Understanding how “honor cultures” influence people’s willingness to apologize can help reduce conflict.

December 05, 2022

| by Katia Savchuk
A photo of a retro typewriter with a piece of paper in it. On the paper are the words "I am sorry." Credit: iStock/Michail_Petrov-96

Is it too late now to say sorry? It may depend on how much you value your reputation. | iStock/Michail_Petrov-96

It can be hard to say you’re sorry, but cultural factors can make it harder. People in societies that prize honor are less likely to apologize when they’ve done something wrong, cross-cultural psychologist Michele Gelfand and her colleagues find in a recent paper in Proceedings of the National Academy of Sciences. Yet there’s a way to foster apologies in honor cultures: Appeal to people’s sense of virtue.

“Apologies are an important mechanism for reducing the temperature and the first step in conflict resolution,” says Gelfand, a professor of organizational behavior at Stanford Graduate School of Business. Saying sorry not only repairs personal relationships but also can keep professional and geopolitical clashes from spiraling out of control. Increasing people’s “cultural intelligence” about how different societies handle conflict can help travelers, politicians, and business leaders, Gelfand says.

Researchers define “honor cultures” as those in which self-worth must be earned and maintained and can easily be lost or stolen. In such locales, people gain honor by projecting strength or demonstrating moral integrity. Honor cultures often evolve in places with weak institutions that residents can’t rely on for protection. Examples include the Middle East, South America, Eastern Europe, and the U.S. South. By contrast, much of the U.S. is considered a “dignity culture,” where self-worth is intrinsic, while many cultures in East Asia cultivate a “face culture,” in which self-worth depends on the perceptions of others but respect and harmony are central. Research has shown that conflict can be more common and escalate more quickly in honor cultures.

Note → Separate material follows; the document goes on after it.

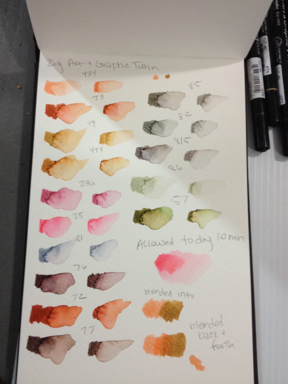 I've reviewed a lot of Kuretake products in the past year, and I've liked many of them. My go to inking pen is a Kuretake Fudegokochi, and I've gone through dozens over the four years I've used them. I wasn't so impressed by the Tombow ABT watercolor brushpens I tested not long ago, and given how similar the Zig Art and Graphic Twin watercolor markers are in outward appearance, I was nervous that this would be another disappointment.

When it does, Gelfand and her colleagues note, it can lead to everything from domestic assault and duels to gang violence and suicide bombings.

Gelfand had a hunch that people in honor cultures might be less willing to be contrite because it threatens their reputations. “The act of apologizing is admitting wrongdoing — and, in effect, can make people lose honor — a prized commodity in these contexts,” she says.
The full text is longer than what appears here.